Take the lines below between the one holding "Women Casual Fashion" and the one holding "Kommt zu unserer", inclusive, and copy them exactly. Add nothing.
Records supplied section start
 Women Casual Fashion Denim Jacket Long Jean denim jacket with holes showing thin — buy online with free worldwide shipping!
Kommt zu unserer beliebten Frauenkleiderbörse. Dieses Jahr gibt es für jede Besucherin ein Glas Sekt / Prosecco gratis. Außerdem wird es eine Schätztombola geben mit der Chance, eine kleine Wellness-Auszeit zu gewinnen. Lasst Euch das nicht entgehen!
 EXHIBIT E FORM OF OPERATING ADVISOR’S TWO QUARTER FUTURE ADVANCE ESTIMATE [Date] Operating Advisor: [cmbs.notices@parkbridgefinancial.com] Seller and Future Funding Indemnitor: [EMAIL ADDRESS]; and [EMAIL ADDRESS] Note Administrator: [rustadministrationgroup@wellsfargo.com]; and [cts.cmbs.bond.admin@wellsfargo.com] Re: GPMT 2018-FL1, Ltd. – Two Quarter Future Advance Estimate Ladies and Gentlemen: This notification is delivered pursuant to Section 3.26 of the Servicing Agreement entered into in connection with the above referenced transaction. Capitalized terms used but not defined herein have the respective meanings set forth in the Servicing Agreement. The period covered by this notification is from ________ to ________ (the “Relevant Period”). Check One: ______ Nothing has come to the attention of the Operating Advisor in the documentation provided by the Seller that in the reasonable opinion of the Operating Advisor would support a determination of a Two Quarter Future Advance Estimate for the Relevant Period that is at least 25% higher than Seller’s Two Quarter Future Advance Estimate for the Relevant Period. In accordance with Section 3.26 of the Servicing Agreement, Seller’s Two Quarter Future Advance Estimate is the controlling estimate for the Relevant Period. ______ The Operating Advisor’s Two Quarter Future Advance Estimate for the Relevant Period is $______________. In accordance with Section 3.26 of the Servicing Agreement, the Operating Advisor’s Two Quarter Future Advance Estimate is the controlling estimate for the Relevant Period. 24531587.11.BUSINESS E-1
Records supplied section end
Records supplied section start
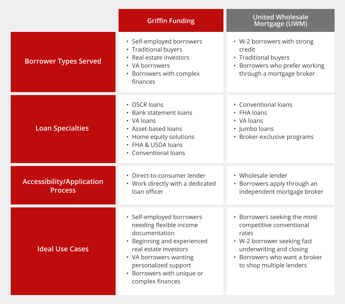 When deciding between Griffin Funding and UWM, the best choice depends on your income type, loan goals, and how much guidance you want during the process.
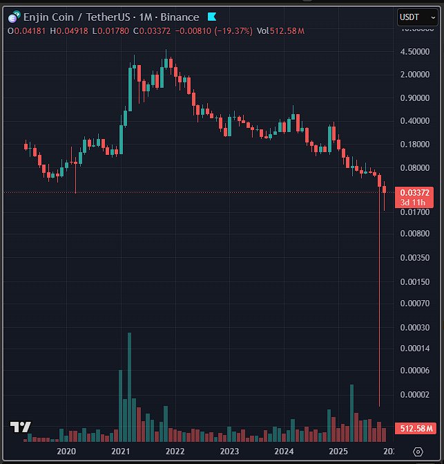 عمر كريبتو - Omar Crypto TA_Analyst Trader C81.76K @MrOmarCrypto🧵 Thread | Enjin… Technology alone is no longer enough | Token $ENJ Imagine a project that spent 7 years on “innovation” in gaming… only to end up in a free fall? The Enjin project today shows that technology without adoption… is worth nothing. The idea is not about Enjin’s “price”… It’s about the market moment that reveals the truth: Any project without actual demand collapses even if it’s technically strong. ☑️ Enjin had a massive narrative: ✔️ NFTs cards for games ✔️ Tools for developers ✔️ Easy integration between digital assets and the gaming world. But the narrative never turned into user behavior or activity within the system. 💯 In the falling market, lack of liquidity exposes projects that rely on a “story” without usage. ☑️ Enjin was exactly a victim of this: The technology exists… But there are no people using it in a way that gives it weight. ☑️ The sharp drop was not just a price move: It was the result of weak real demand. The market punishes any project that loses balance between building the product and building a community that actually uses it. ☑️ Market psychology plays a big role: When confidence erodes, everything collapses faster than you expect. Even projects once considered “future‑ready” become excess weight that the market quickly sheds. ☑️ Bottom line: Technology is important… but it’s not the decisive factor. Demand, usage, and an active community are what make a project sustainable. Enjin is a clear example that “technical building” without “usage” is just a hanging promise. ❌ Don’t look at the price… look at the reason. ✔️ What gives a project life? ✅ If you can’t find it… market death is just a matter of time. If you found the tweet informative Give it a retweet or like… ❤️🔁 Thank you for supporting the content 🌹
Records supplied section end
Records supplied section start
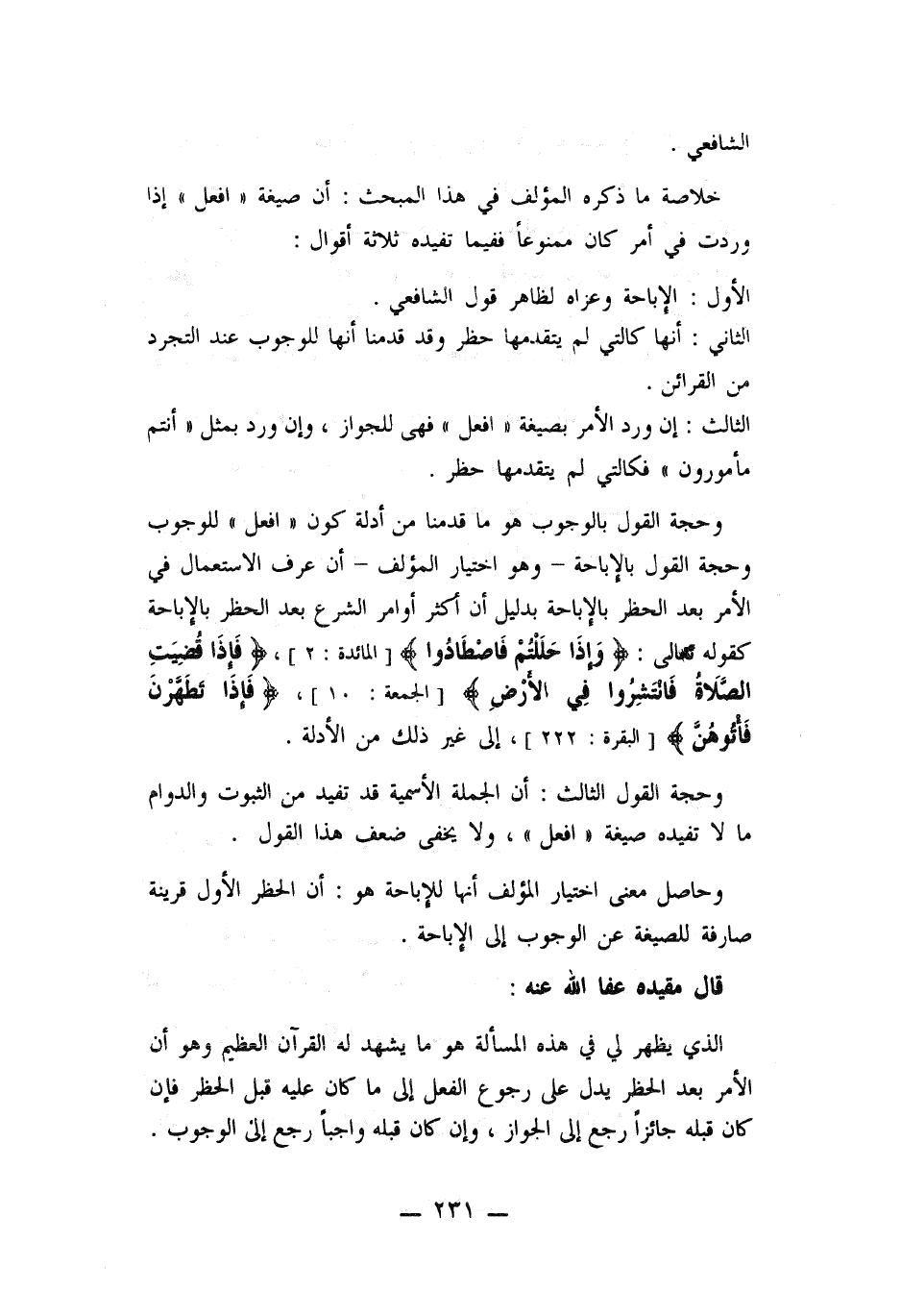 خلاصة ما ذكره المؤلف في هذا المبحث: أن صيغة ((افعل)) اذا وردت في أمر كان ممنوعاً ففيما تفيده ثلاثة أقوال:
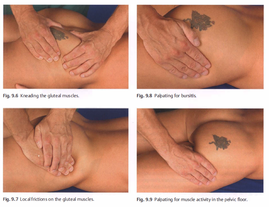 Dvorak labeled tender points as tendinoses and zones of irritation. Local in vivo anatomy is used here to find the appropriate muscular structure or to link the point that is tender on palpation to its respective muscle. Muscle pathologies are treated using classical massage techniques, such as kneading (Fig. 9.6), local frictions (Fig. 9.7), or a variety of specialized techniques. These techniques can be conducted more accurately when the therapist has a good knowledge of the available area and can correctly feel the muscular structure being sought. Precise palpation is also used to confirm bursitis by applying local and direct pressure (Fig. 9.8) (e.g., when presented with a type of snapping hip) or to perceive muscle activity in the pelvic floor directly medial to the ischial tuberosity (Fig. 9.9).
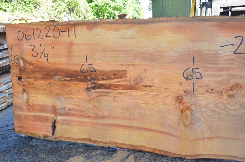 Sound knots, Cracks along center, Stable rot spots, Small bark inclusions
Records supplied section end
● Result of the exercise
 Women Casual Fashion Denim Jacket Long Jean denim jacket with holes showing thin — buy online with free worldwide shipping!
Kommt zu unserer beliebten Frauenkleiderbörse. Dieses Jahr gibt es für jede Besucherin ein Glas Sekt / Prosecco gratis. Außerdem wird es eine Schätztombola geben mit der Chance, eine kleine Wellness-Auszeit zu gewinnen. Lasst Euch das nicht entgehen!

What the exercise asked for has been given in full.